I am confused by a patient I saw today who complains of sharp, I/T (L) heel pain ( posterior-medial on palpation)when sit for >½ hour, it eases immediately when she stands up and walks or if she stretches her calf muscles. She has had this pain the last 2 weeks, after being treated for left knee pain (bad OA and patella femoral pain, worsened after fall 2/12 ago) and LBP (LBP started 1 month ago, but has longstanding back pain and stress #'s (not seen xray yet and patient didn't know where) and reports having Osteoporosis. She states that when heel pain gets bad, her LBP starts.
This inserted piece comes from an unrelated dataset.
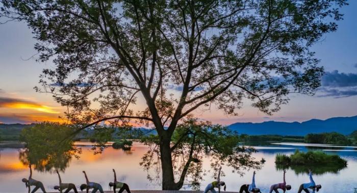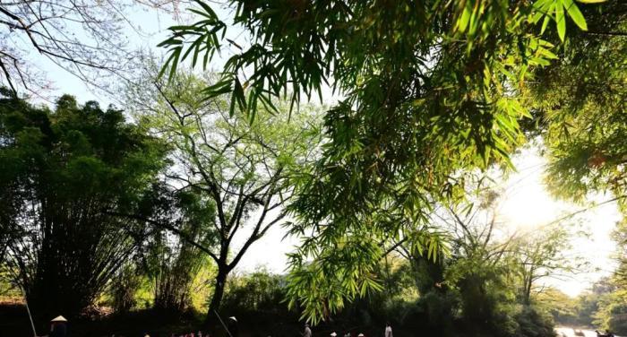 午後,遊客或品茶觀溪或枕著水聲小憩

I initially thought lumbar referred pain due to aggravating behavior, but when tested Lx AM's I only reproduced LBP. (Could not do OP's due to fear of stressing spine too much)

When i did SLR LBP was reproduced very early in range ( 15 deg) bilaterally and DECREASED with passive dorsiflexion (???)
No heel pain was reproduced.
I found stiffness in her subtalar joint, and when i distracted her Calcaneous on Talus her pain was abolished (from 5/10).

I am confused about her neural tension result, and why dorsiflexion also reduces her heel pain.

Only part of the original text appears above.